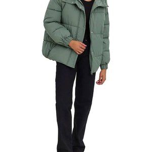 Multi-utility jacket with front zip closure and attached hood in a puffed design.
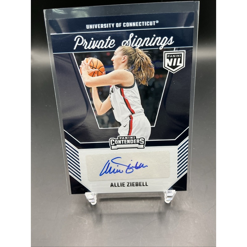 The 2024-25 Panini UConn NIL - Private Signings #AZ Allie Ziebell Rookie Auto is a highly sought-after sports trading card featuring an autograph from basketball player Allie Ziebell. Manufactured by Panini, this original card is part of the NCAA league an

--

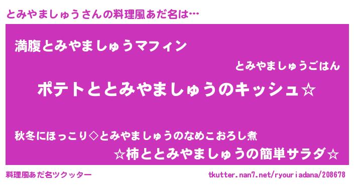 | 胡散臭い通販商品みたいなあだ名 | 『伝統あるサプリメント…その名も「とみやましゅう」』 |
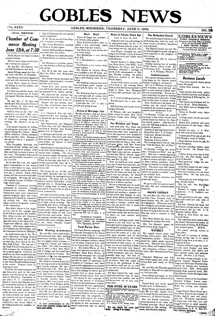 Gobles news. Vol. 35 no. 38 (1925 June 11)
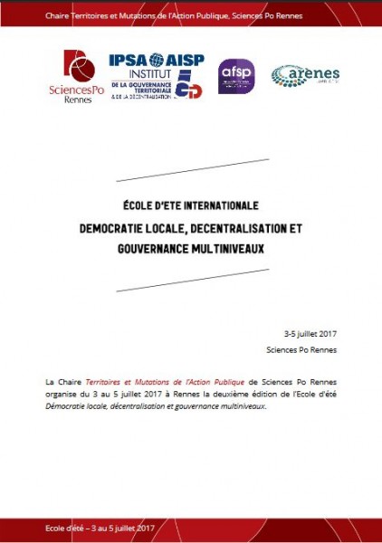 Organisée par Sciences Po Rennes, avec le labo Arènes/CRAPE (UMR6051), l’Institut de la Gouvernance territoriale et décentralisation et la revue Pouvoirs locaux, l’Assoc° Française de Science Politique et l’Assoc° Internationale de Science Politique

→ Task prompt
Reproduce exactly the lines above that run from the one with "Gobles news. Vol. 35 no. 38 (1925 June 11)" to the one with "Organisée par Sciences", both included, leaving pictures out.

→ Exercise result
 Gobles news. Vol. 35 no. 38 (1925 June 11)
 Organisée par Sciences Po Rennes, avec le labo Arènes/CRAPE (UMR6051), l’Institut de la Gouvernance territoriale et décentralisation et la revue Pouvoirs locaux, l’Assoc° Française de Science Politique et l’Assoc° Internationale de Science Politique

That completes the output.